На улице ее ждал муж.
– Гриша!
Олеся бросилась к нему, но Григорий отвернулся и молча пошел к машине.
– Гриша, меня отпустили под подписку.
– Знаю. Я заплатил. Садись, поедем.
– Домой?
– Нет, в больницу к отцу.
Она покорно забралась на переднее сиденье джипа и сжалась, обхватив себя руками. Сейчас придется объясняться. Что сказать? Что сказал Вячеслав? Как он объяснил то, что произошло? Следователь не сказал об этом ни слова, только задавал ей вопросы, и там, на квартире у Ситникова, и в своем кабинете. Две ночи она провела в «обезьяннике», но ни теснота, ни грязь, ни вонь, ни сомнительная компания, ни отсутствие привычных удобств не показались ей такими уж пугающими по сравнению с тем адом который, воцарился у нее в душе.
Несколько минут прошло в гробовом молчании, потом Григорий заговорил:
– Зачем ты сказала, что отец пытался тебя изнасиловать? Это же вранье. Он не мог.
– Не мог,– тихо согласилась она.
– И что? Зачем ты это сказала?
– Я думала… – она тяжело перевела дыхание.– Я думала, что убила его. Ему теперь все равно, а у меня будет самооборона или как там это называется… Самозащита.

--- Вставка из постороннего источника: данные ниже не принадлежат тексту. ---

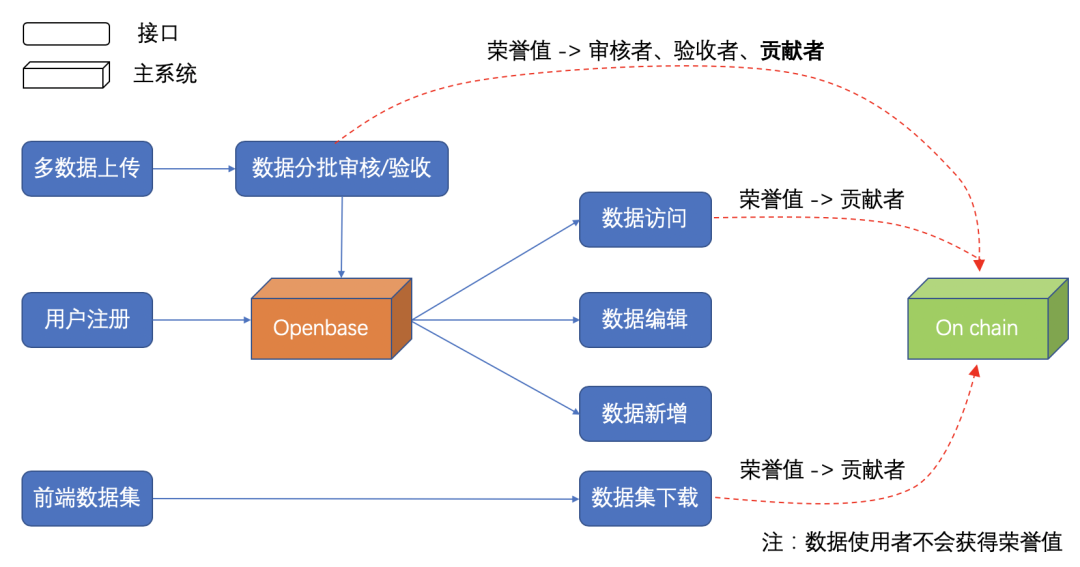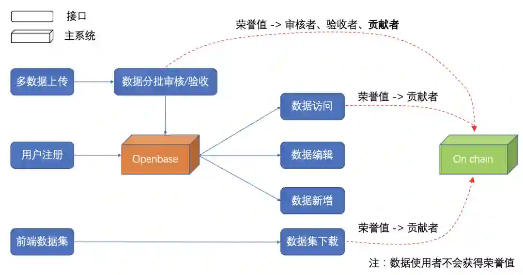 在本次的平台中,将有新冠科研、新冠健康等数个知识图谱的众包过程将被记录到区块链中。每一个知识图谱的贡献者都会被记录到链上。用户在注册的时候,OpenBase通过接口与链端进行关联;登入OpenBase系统后,一系列的操作会被传入到链端,但是访问数据不会对访问者奖励荣誉值,只会对原来数据的贡献者奖励。

– Но ты его не убила. И что теперь? Как нам с этим жить? У меня будет отец-насильник, похотливый старый козел, польстившийся на мою же жену, на собственную невестку? Ты так себе это представляешь? Или как?
– Гриша, я…
– Молчи, идиотка,– в его голосе послышалось презрение.– Если ты думаешь, что я заплатил следователю за то, чтобы тебя выпустили под подписку, потому что безумно люблю тебя, то сильно ошибаешься. Я не стану обсуждать с тобой свои чувства к тебе, которые были раньше. Это уже не имеет значения. Значение имеет только то, что больше я тебя не люблю. Я тебя ненавижу. Ты – глупая мразь. Ты стреляла в моего отца, и для меня этого достаточно, чтобы вычеркнуть тебя из своей жизни.
– Тогда зачем? Зачем ты дал взятку, чтобы меня выпустили, если ненавидишь?
– Чтобы все было проще. Чтобы ты могла договориться с папой. Чтобы вы дали одинаковые показания.
– О чем?
– О том, что это было неосторожное обращение с оружием. У отца был пистолет, уже давно, и все об этом знали, ты попросила посмотреть, вертела в руках, сняла с предохранителя… что-нибудь в этом роде. Я нанял хорошего адвоката, он тебе все объяснит.